POLITICS

ANC govt has only achieved 9% of its land reform targets - Thandeka Mbabama

DA MP says main constraint is 'corruption by officials' not the constitution

ANC government has only achieved 9% of its land reform targets

19 April 2018

The Auditor-General (AG) and the Department of Rural Development and Land Reform have revealed in Parliament that the Department has only achieved a dismal 9% of its land reform targets in the third quarter of financial year 2017/18.

Overall the Department only achieved 36%, with Rural Development programme only achieving 43% and Restitution programme at 50% of targets met.

The Department is mandated to purchase and earmark land as well as to identify beneficiaries through the Agriculture Land Holding Account. However, this process has been hamstrung by the ANC due to their lack of political will and rampant corruption.

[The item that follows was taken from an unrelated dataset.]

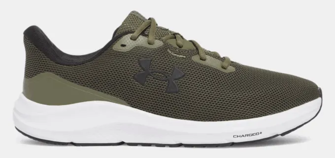 Как и обещали, начинаем с кроссовок из бюджетного сегмента. Это темно-зеленые Pursuit 4 с минималистичным дизайном – легкая и дышащая обувь, идеальная для начинающих спортсменов. Верх айтема выполнен из текстиля, а за амортизацию и поглощение ударных нагрузок здесь отвечает технологичная межподошва Charged+.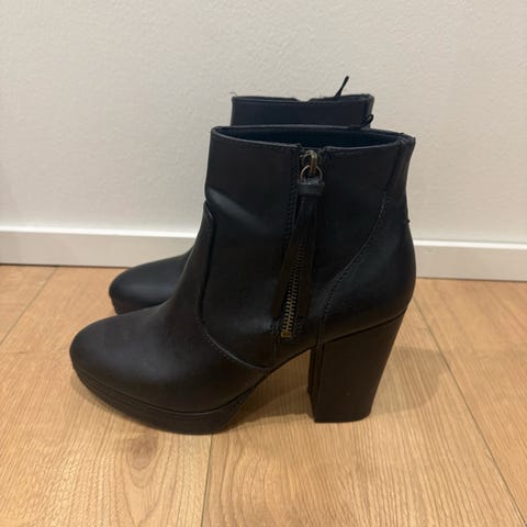 H&M korkokengät, koko 39, vastaavat kokoansa. Kengissä on melko korkea korko ja kullanväriset koristeet. Materiaali synteettistä nahkaa.

Emerging Black farmers have been left to fend for themselves as a result of the ANC’s failure to provide continuous training so that they can become enterprising farmers.

This yet again confirms what was pointed out in the High Level Panel report that the constraints to land reform is not compensation of land but rather “increasing evidence of corruption by officials, the diversion of the land reform budget to elites, lack of political will, and lack of training and capacity have proved more serious stumbling blocks to land reform”.

According to an extensive land reform audit conducted in March 2014 by the Western Cape Government, a total of 62% of Land Reform projects driven by the DA government have been successful. This is in stark contrast to the ANC’s failure rate of 90% for land reform projects managed by the ruling party.

The DA is of the view that the ANC’s land reform programme of state custodianship is doomed to fail as it doesn’t ensure that Black people have permanent ownership of the land.

In truth, the ANC’s expropriation without compensation is merely to hide decades of mismanagement of land reform in South Africa.

The DA will continue to fight to ensure that the land reform process benefits Black South Africans and we will not buckle to any political pressure by the ANC and the EFF whose sole aim is to make our people permanent tenants on the land.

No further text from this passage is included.